In the Gaza Strip, whose Palestinian Hamas
rulers were once allies of Assad and Hezbollah, cleric Imad al-Daya told
worshippers that Qusair had exposed the "fraud" of Hezbollah's rhetoric
about leading "resistance" to Israel.
"Wake up," he told worshippers. "This is a war of religion." Shiites, he added, had always been "a knife in Muslims' backs."
Violence in Syria continues unabated
In the central Syrian city of Homs, a suicide
bomber detonated his explosives-laden car Saturday, tearing through an
area largely populated by the regime's Alawite sect and killing seven
people, a state-owned TV station reported.
Syrian state TV also said Saturday that
government troops took control of the village of Buwaydah between Qusair
and Homs after intensive clashes.
Abu Bilal al-Homsi, an activist in the old
quarter of the city of Homs who has links with several rebel groups,
said via Skype that rebels sustained heavy losses late Friday as they
attempted to flee the village with their wounded and civilians. Al-Homsi
asked to be identified by his alias because of security concerns.

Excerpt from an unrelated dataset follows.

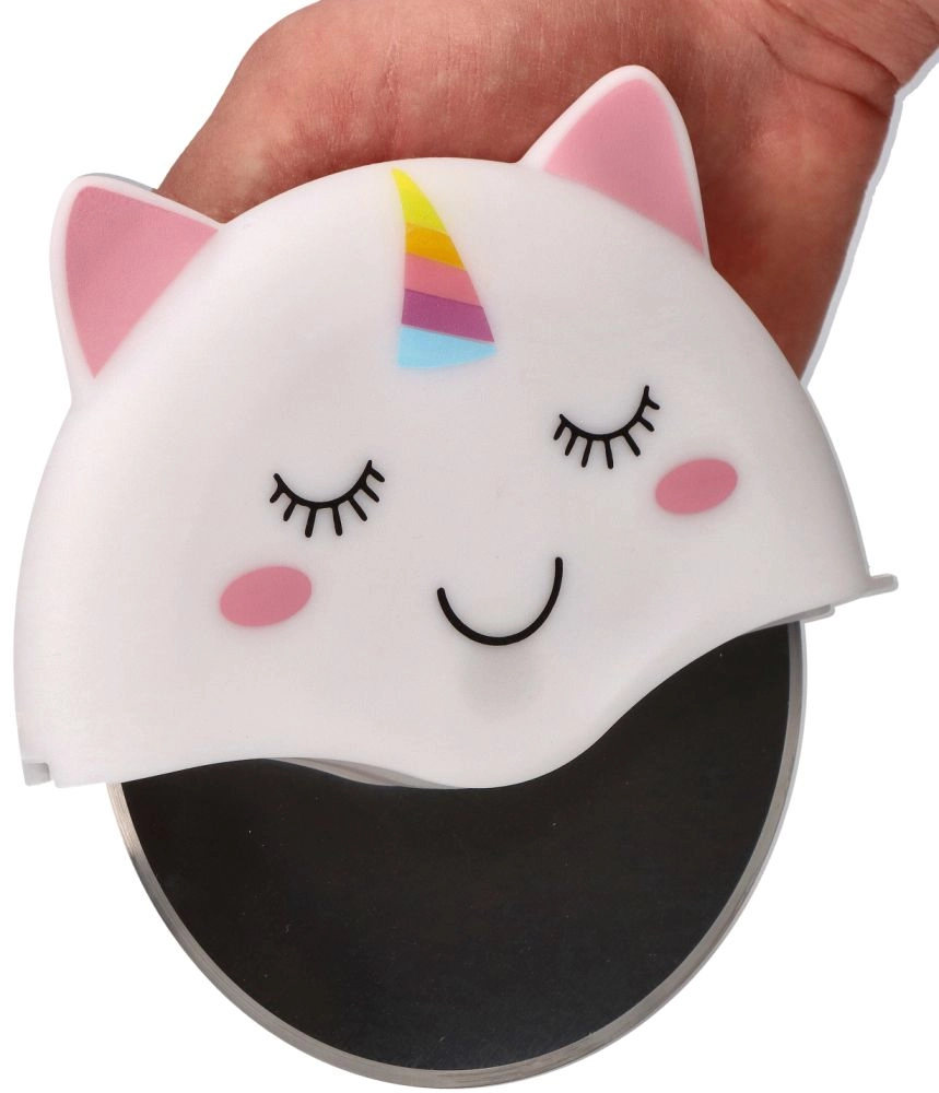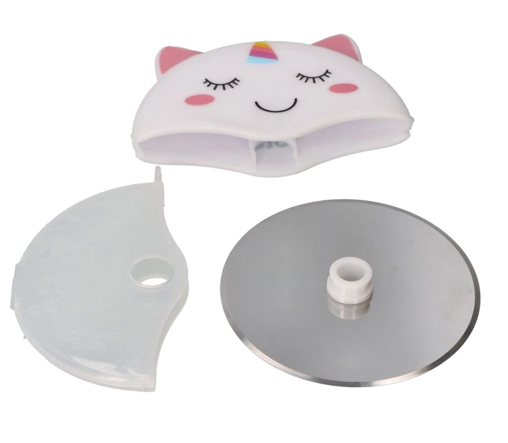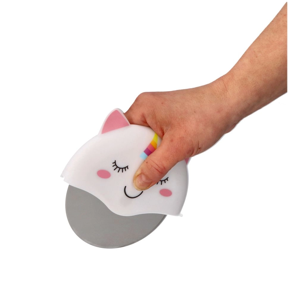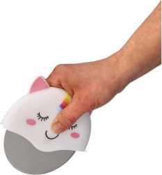 Tento originální kráječ na pizzu potěší milovníky zábavných doplňků do kuchyně. Nerezové kolečko o velkém průměru hladce projede křupavou kůrkou i sýrem, zatímco pevná rukojeť z odolného plastu zajistí jistý úchop. Roztomilý jednorožec s duhovým rohem dodá vašemu stolování kouzelný nádech.

The state-owned Al-Ikhbariya TV said the
attacker detonated the explosives-laden car in a busy area near a
roundabout in the Homs neighborhood of Adawiya, which largely houses
Alawites. The report said the seven killed included three women and a
teenager, and said 10 other people were wounded as the blast heavily
damaged nearby houses and vehicles.
Television footage showed frantic residents
running around, blood splattered on the ground and a badly mangled car.
Other cars on the street were also damaged. A reporter from the station
on the scene said the car was carrying about 100 kilograms (220 pounds)
of explosives.
The Britain-based Syrian Observatory for Human
Rights, which relies on a network of informants inside Syria, confirmed
that the car was booby-trapped. It also said seven were killed, citing
preliminary reports.
Nobody claimed responsibility for the attack,
but car bombs are the usual tactic employed by Sunni extremists among
the rebel ranks.
Government forces also battled rebel fighters
north of Aleppo and by a military air base that has been under rebel
siege for weeks. Clashes in the suburbs of Damascus, meanwhile, left
seven people dead, including a rebel and a medic who was treating a
wounded fighter, according to the Observatory.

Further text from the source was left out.